The core process involves two stages:

Forward Masking Process: It takes a clean text sequence and progressively corrupts it by independently masking tokens with a probability $𝑡$ . This masking ratio $𝑡$ is randomly sampled from 0 to 1 for each training sample, meaning the model sees everything from slightly masked to fully masked text.
Reverse Prediction Process: A Transformer model¹ is trained to predict all the masked tokens simultaneously given the corrupted text. This process is optimized as a principled generative modeling objective, which allows LLaDA to learn the underlying data distribution.

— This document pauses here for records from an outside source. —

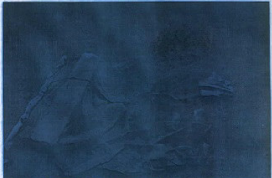
Fot. 6. Kazı alanının jeotekstil örtü ile kapatılması,
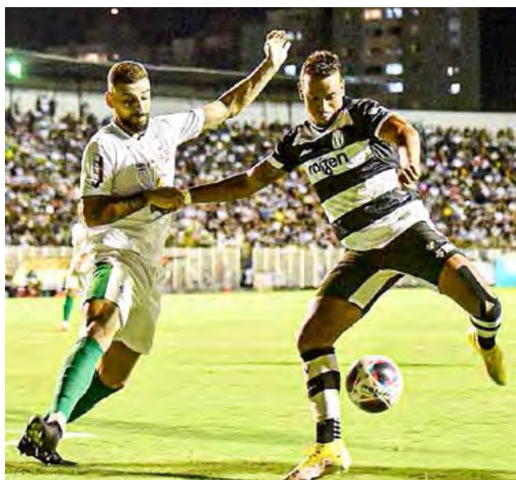
XV fez o que precisava e vai disputar o acesso

O bom futebol jogado e a vitória por 2x1, na casa do adversário, na primeira partida, foi determinante para a obtenção da vaga. Agora, o XV de Piracicaba vai enfrentar em dois jogos na semifinal a equipe do Ponte Preta que eliminou o Comercial de Ribeirão Preto. A primeira partida será em Piracicaba no próximo sábado (25) e a segunda, em Campinas.
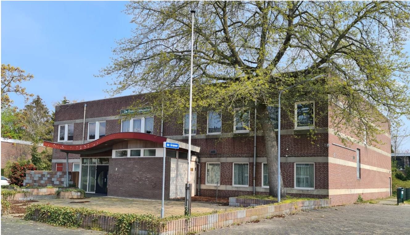
Figuur 4: Plangebied gezien vanuit het zuidwesten
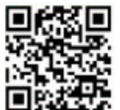
토레스 EVX VAN 모바일 페이지

18인치 : 복합 4.9km [도심주행 5.3km, 고속도로 4.5km] | 1회 충전거리 - 복합 411km [도심주행 439km, 고속도로 376km] | 공차중량 : 1,960kg | 축전지 정격전압 : 390V | 용량 : 189Ah 20인치 : 복합 4.8km [도심주행 5.2km, 고속도로 4.4km] | 1회 충전거리 - 복합 400km [도심주행 430km, 고속도로 364km] | 공차중량 : 1,960kg | 축전지 정격전압 : 390V | 용량 : 189Ah 최고출력 152.2kW(207ps) 최대토크 34.6kgf·m
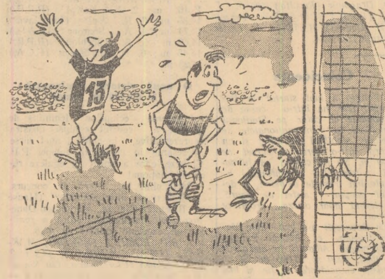
— Bine, omule, în loc să-l blochezi, stai în față și sculpi în sintă! — Păi... știam eu că asta care a intrat acum o să fie cu ghinion!!

grădini zoologice. Ei „uită” să adauge însă că Battling Siki, victimă tipică a profesionalismului, căzuse în patina beției, devenind alcoolic în ultimul grad. S-ar mai putea da și alte exemple. Un portar argentinian de fotbal, își deservise pe tricou o poartă de fotbal, convins că astfel va atrage șturile atacanților adversi spre... pieptul său. Este inexplicabil cum un șahist genial ca Alehin, care a dezvoltat ca nimeni altul teoria șahistă, a putut să recurgă în decursul activității sale la tot soiul de talismane (de pildă, el nu se despărțea niciodată de... pisica sa, care trebuia să stea în sală când Alehin juca). Oricite pisici „miraculoase” ar fi purtat cu sine Alehin, este neîndoios

Figure 1: (a) Pre-training. LLaDA is trained on text with random masks applied independently to all tokens at the same ratio $𝑡 \sim 𝑈 [0, 1]$ . (b) SFT. Only response tokens are possibly masked. (c) Sampling. LLaDA simulates a diffusion process from $𝑡 = 1$ (fully masked) to $𝑡 = 0$ (unmasked), predicting all masks simultaneously at each step with flexible remask strategies.

1.1. Remasking?

At each step of the generation process, the model predicts all the masked tokens simultaneously. However, instead of keeping all of these newly predicted words, the model intentionally "remasks" some of them, turning them back into mask tokens for the next step. The number of tokens that are remasked is gradually reduced at each step until no masks are left.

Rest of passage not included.